Aber nein, ich wusste, dass meine Schätzung stimmte! Vielleicht hatte der Direktor ja Wechselsachen vor Ort oder es war etwas vorgefallen. Oder vielleicht will er nur, dass alle glauben, es sei mehr Zeit verstrichen, schlug meine innere Stimme vor, ließ mich ihn dann aber weiter betrachten. Heute trug er ein schwarzes Hemd unter einem dreiteiligen schwarzem Anzug mit passender Weste. Wäre der Stoff nicht so teuer und nach Maß geschnitten, hätte er wie ein gut gekleideter Totengräber gewirkt. Sogar sein Einstecktuch war schwarz. Der geringfügig andere Ton passte zum Hemd und unterstrich den leicht schimmernden Anzugstoff.
»Essen!«, meinte er in einem ruhigen Befehlston und reichte mir ein Tablett auf dem sich zwei Teller befanden. Einer war gefüllt mit Haferschleim, Banane und Honig. Genau das, was ich hatte essen wollen, bevor die Frau mich angegriffen hatte. Es zeigte mehr als alle Worte und Erklärungen, wie genau Hobbs hinsah.
Der andere Teller war gefüllt mit Kartoffel-Saucen-Hackmatschpampe, dazu gab es zwei kleinere Schälchen. Eines mit Salat und eines mit Obst. Zusammen mit der Flasche Wasser war das wahrscheinlich mehr als eine Gefangene erwarten konnte.
»Danke!«, meinte ich und wartete.
Worauf wusste ich nicht, aber ich war nicht entlassen worden und obwohl ich meine Aufmerksamkeit absichtlich auf das Tablett gerichtet hielt, ahnte ich, dass mich Hobbs sehr genau unter die Lupe nahm.
»Sie werden sich an meine Regeln halten?!« Mein Gegenüber machte eine Frage aus seiner Forderung und kurz war ich versucht einfach einzuwilligen, um der Dunkelheit zu entkommen. Dann griff mein Trotz ein und ließ mich die Wahrheit sagen, die ich im letzten Moment tarnen konnte.
»Ich habe das Handgemenge nicht angefangen.«
»Dafür sind die Wachen da«, maßregelte Hobbs, vermutlich wohlwissend, was ich eigentlich hatte sagen wollen.
»Und in der Zwischenzeit lasse ich mich von irgendeiner Schlampe verprügeln?«, fauchte der Teil von mir, der Recht hatte und sich keiner Schuld bewusst war.
»Sie werden gehorchen!«
Die Betonung in Hobbs ruhiger Stimme reichte, um mich noch wütender zu machen.

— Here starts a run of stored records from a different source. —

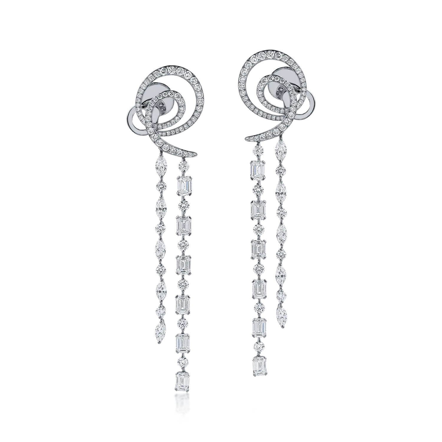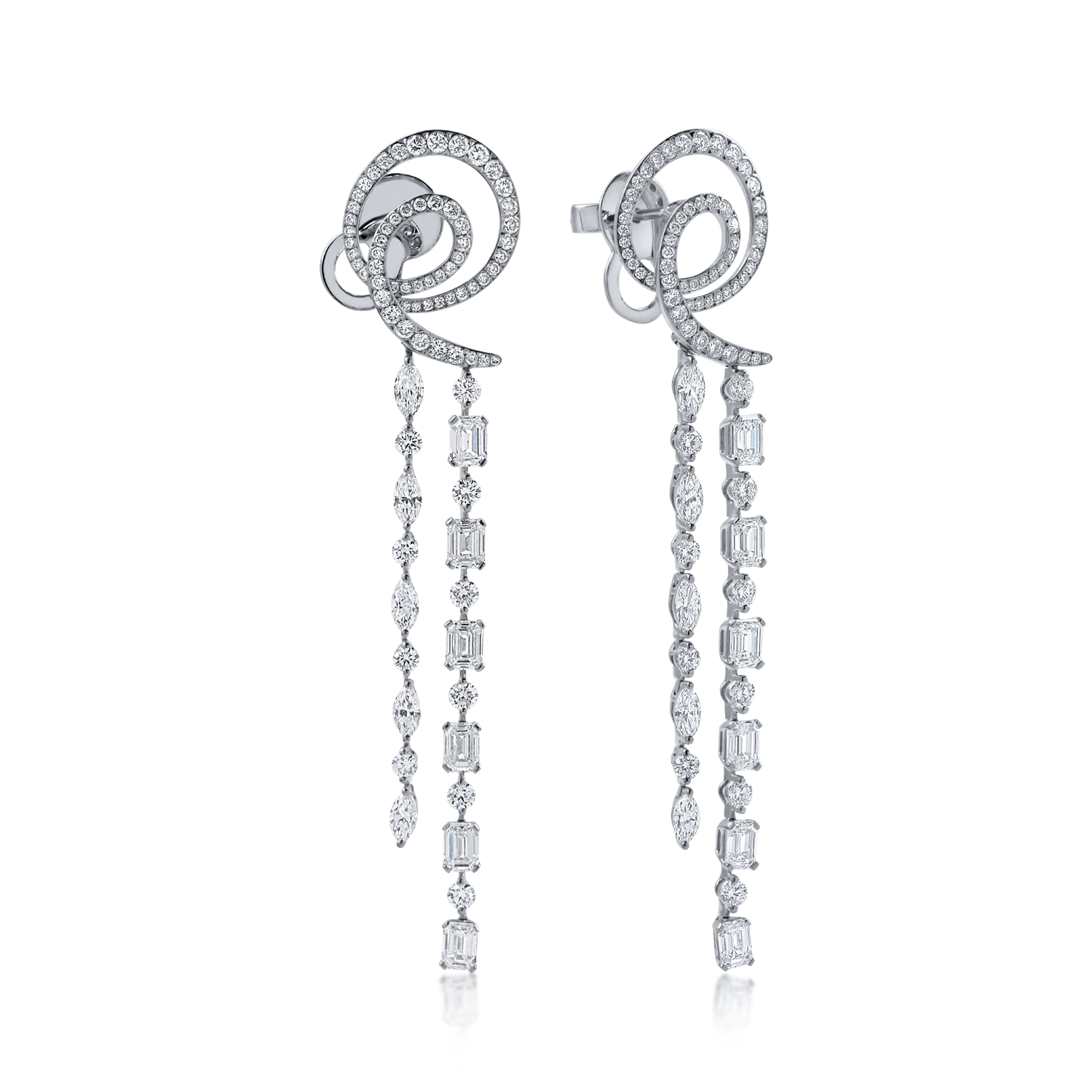 Cercei lungi din aur alb cu diamante de 5.5ct
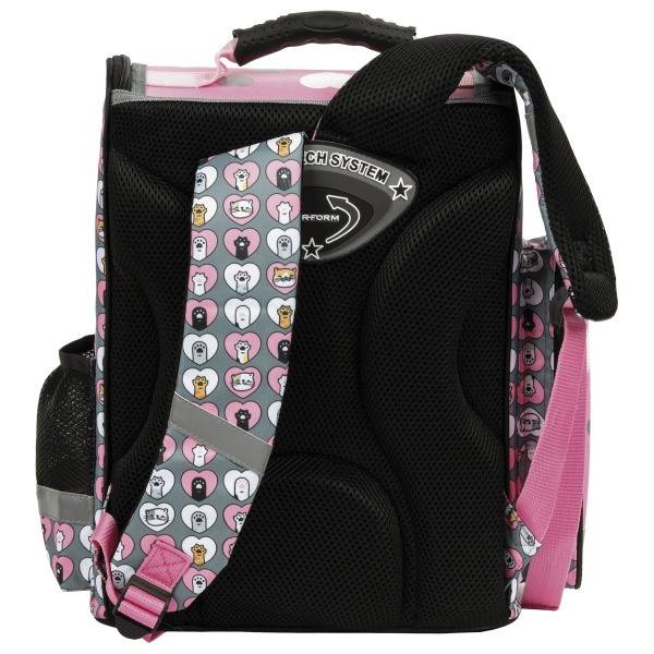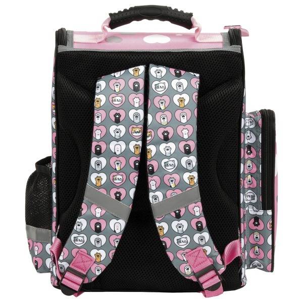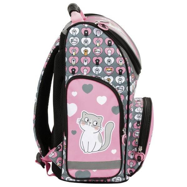 Az ölelkező cicákkal díszített iskolatáska praktikusan merevített kialakítású, így megkönnyíti a ki-bepakolást az elsősöknek. Ergonomikus hátrésze és vállpántja párnázott, ezzel segíti a helyes testtartást.
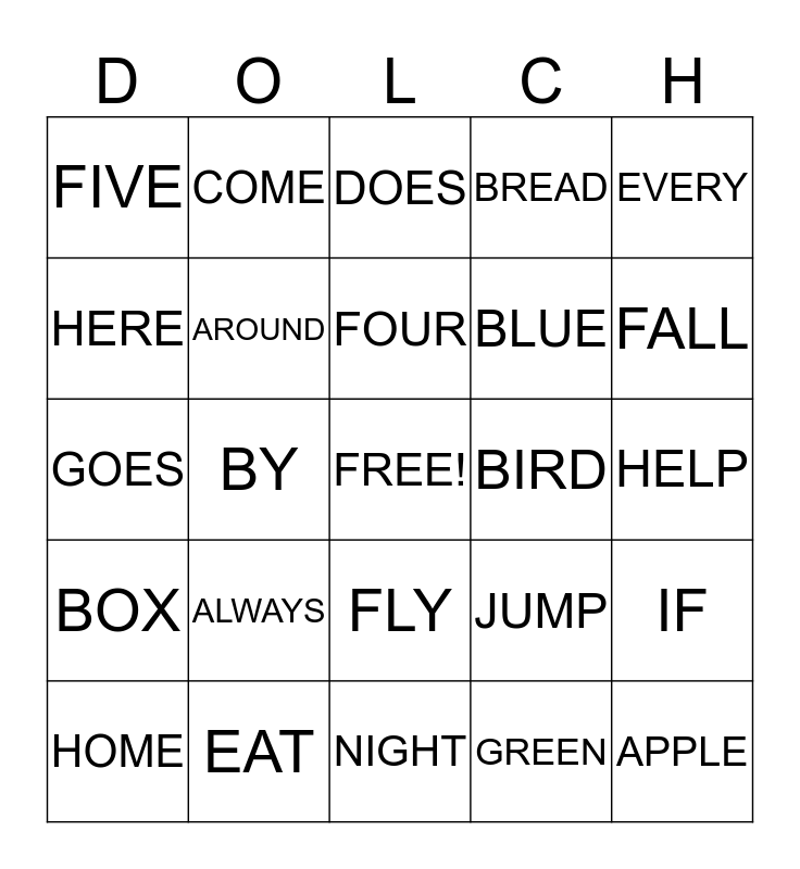 This bingo card has a free space and 24 words: ALWAYS, EAT, FOUR, HOME, EVERY, FIVE, HERE, COME, BIRD, FLY, BLUE, GOES, JUMP, IF, AROUND, GREEN, HELP, DOES, FALL, BY, APPLE, BOX, BREAD and NIGHT.
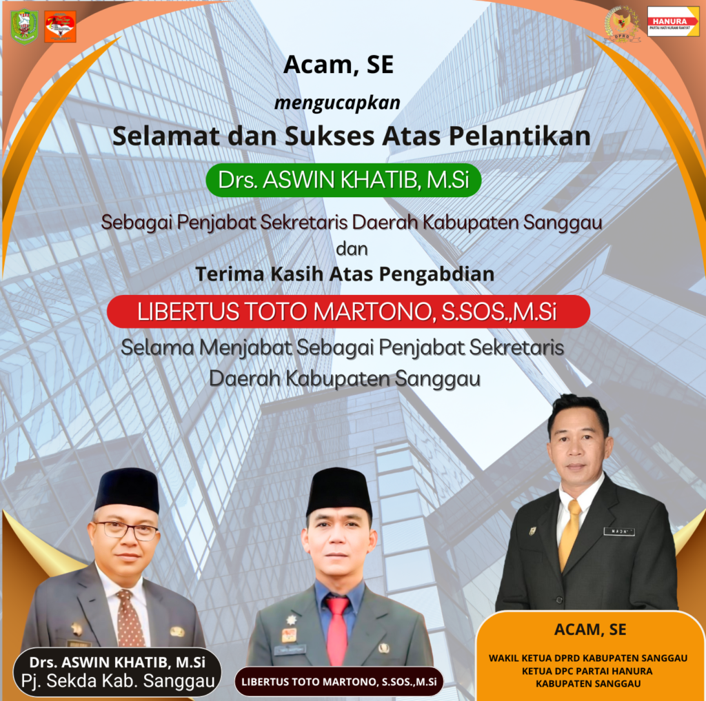 Aswin Khatib ditunjuk sebagai Pj Sekda Sanggau berdasarkan keputusan Gubernur Kalimantan Barat nomor 800.1.3.1/13/bkd, tanggal 29 Agustus 2024, dengan masa jabatan paling lama tiga bulan atau sampai dilantiknya pejabat definitif.
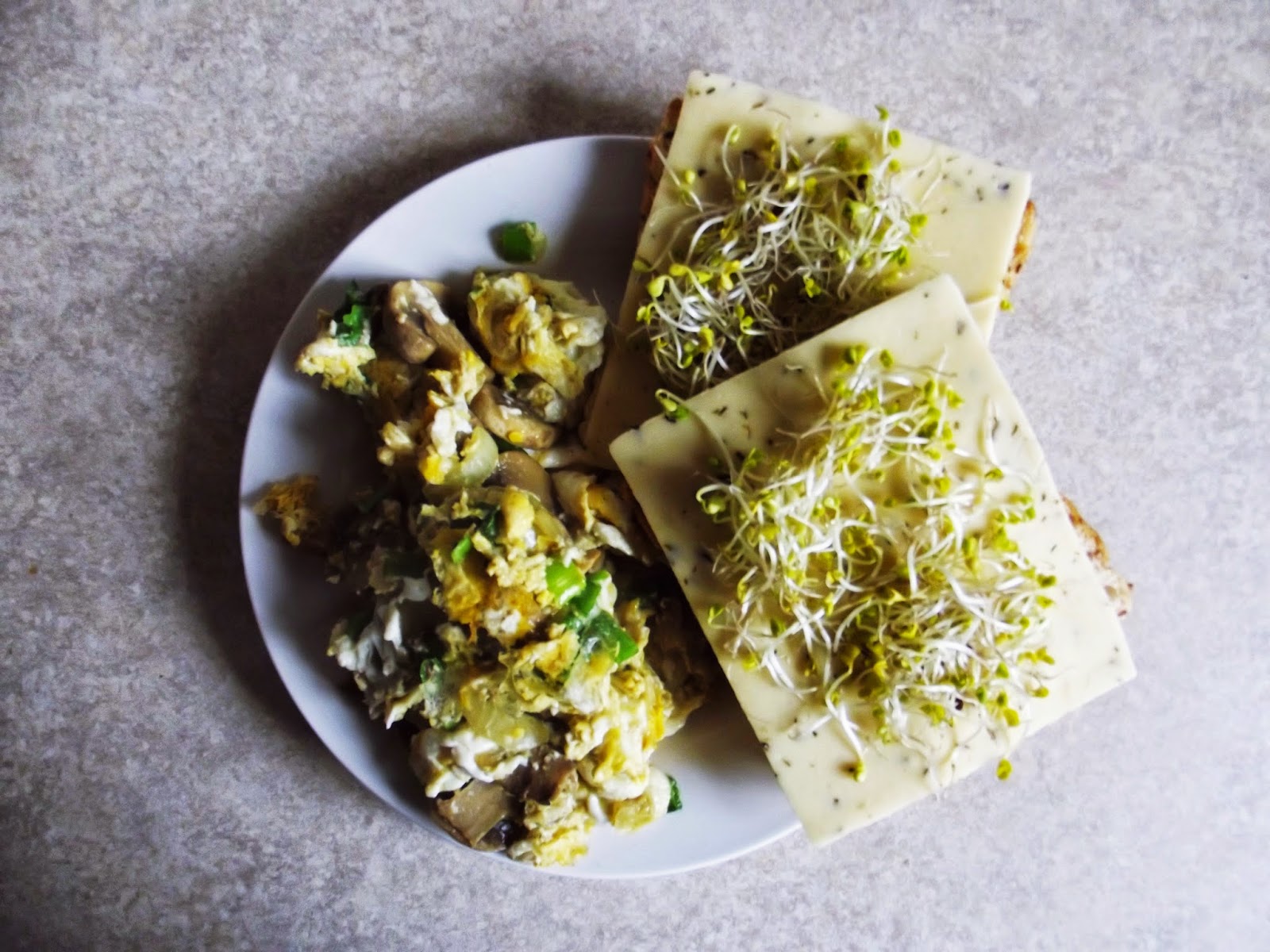 jajecznica* z pieczarkami, cebulą i szczypiorkiem oraz pełnoziarnisty chleb tostowy z żółtym serem i kiełkami brokułascrambled eggs with mushrooms, onion, chives and wholegrain toast bread with hard cheese and shoots of sprouting broccoli

»Leck mich am Arsch!«, meinte ich aus einem tiefsitzenden, von drei Brüdern geprägten, Reflex heraus und sah Hobbs direkt an. Eine Sekunde lang dachte ich, er würde mich schlagen, aber dann zuckte ein Lächeln über sein Gesicht.
»Seien Sie vorsichtig, was Sie sagen oder mir anbieten! Ich fürchte, ich bin ein Mann, der Dinge sehr wörtlich nimmt oder nehmen könnte.«
Einen Moment lang hielt ich seinem Blick stand, dann senkte ich den Blick. Auf keinen Fall wollte ich, dass jemand diesen Satz ernst nahm. Weder Hobbs, noch sonst wer. Aus diesem Grund war ich auch extra-brav und stellte das Tablett aufs Bett, als mich Hobbs mit einer Tageszeitung fotografieren wollte und mir Blut abnahm.